I am just a beginner at Python.
I am trying to scrape data from a site and have managed to write the below code.
However, I am not sure how to proceed ahead as I am unable to get the href tags so that I can go to each listing & get the data. I am also not very well aware of HTML Tags, so I suspect that I have not identified the tags properly.
Here is my code :
import requests
from bs4 import BeautifulSoup
urls = []
for i in range(1,5):
pages = "https://directory.singaporefintech.org/?p={0}&category=0&zoom=15&is_mile=0&directory_radius=0&view=list&hide_searchbox=0&hide_nav=0&hide_nav_views=0&hide_pager=0&featured_only=0&feature=1&perpage=20&sort=random".format(i)
urls.append(pages)
Data = []
for info in urls:
page = requests.get(info)
soup = BeautifulSoup(page.content, 'html.parser')
links = soup.find_all('a', attrs ={'class' :'sabai-directory-title'})
hrefs = [link['href'] for link in links]
The above code is producing hrefs as a blank list.
Any help would be highly appreciated!!
Thanks!!!
Code is fine, the class that you're looking for just doesn't exist on those pages. For example, substituted sabai-directory-title class with comment-reply-link after inspecting https://directory.singaporefintech.org/hello-world/?category=0&zoom=15&is_mile=0&directory_radius=0&view=list&hide_searchbox=0&hide_nav=0&hide_nav_views=0&hide_pager=0&featured_only=0&feature=1&perpage=20&sort=random and got results when i added print statements
You can scrap links using CSS selector.

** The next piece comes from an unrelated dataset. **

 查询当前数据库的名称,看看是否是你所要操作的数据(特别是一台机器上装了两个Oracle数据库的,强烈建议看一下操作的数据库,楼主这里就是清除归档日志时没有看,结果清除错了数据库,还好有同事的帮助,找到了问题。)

Selector div.sabai-directory-title a will find any <a> tags inside <div> tag with class sabai-directory-title (I updated the URL, yours was giving me error pages):
from bs4 import BeautifulSoup
import requests
from pprint import pprint
r = requests.get('https://directory.singaporefintech.org/')

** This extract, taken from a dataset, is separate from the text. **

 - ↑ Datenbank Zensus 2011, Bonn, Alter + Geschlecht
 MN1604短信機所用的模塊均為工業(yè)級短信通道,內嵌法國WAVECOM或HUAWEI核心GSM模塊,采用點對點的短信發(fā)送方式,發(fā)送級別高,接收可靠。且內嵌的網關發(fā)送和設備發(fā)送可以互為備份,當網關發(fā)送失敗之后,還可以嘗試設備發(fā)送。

soup = BeautifulSoup(r.text, 'lxml')
hrefs = [a['href'] for a in soup.select('div.sabai-directory-title a')]
pprint(hrefs)
This will print:
['https://directory.singaporefintech.org/directory/listing/silent-eight',
'https://directory.singaporefintech.org/directory/listing/incomlend',
'https://directory.singaporefintech.org/directory/listing/bizgrow',
'https://directory.singaporefintech.org/directory/listing/makerscut',
'https://directory.singaporefintech.org/directory/listing/soho-fintech',
'https://directory.singaporefintech.org/directory/listing/dxmarkets',
'https://directory.singaporefintech.org/directory/listing/fundrevo',
'https://directory.singaporefintech.org/directory/listing/money4money',
'https://directory.singaporefintech.org/directory/listing/onelyst',
'https://directory.singaporefintech.org/directory/listing/hearti-lab',
'https://directory.singaporefintech.org/directory/listing/samurai-fintech-singapore-pte-ltd',
'https://directory.singaporefintech.org/directory/listing/ceo-1',
'https://directory.singaporefintech.org/directory/listing/arcadier',
'https://directory.singaporefintech.org/directory/listing/plmp-fintech-pte-ltd',
'https://directory.singaporefintech.org/directory/listing/cash-in-asia',
'https://directory.singaporefintech.org/directory/listing/grc-systems',
'https://directory.singaporefintech.org/directory/listing/sendexpense',
'https://directory.singaporefintech.org/directory/listing/jinjerjade',
'https://directory.singaporefintech.org/directory/listing/hatcher',
'https://directory.singaporefintech.org/directory/listing/fintech-consortium']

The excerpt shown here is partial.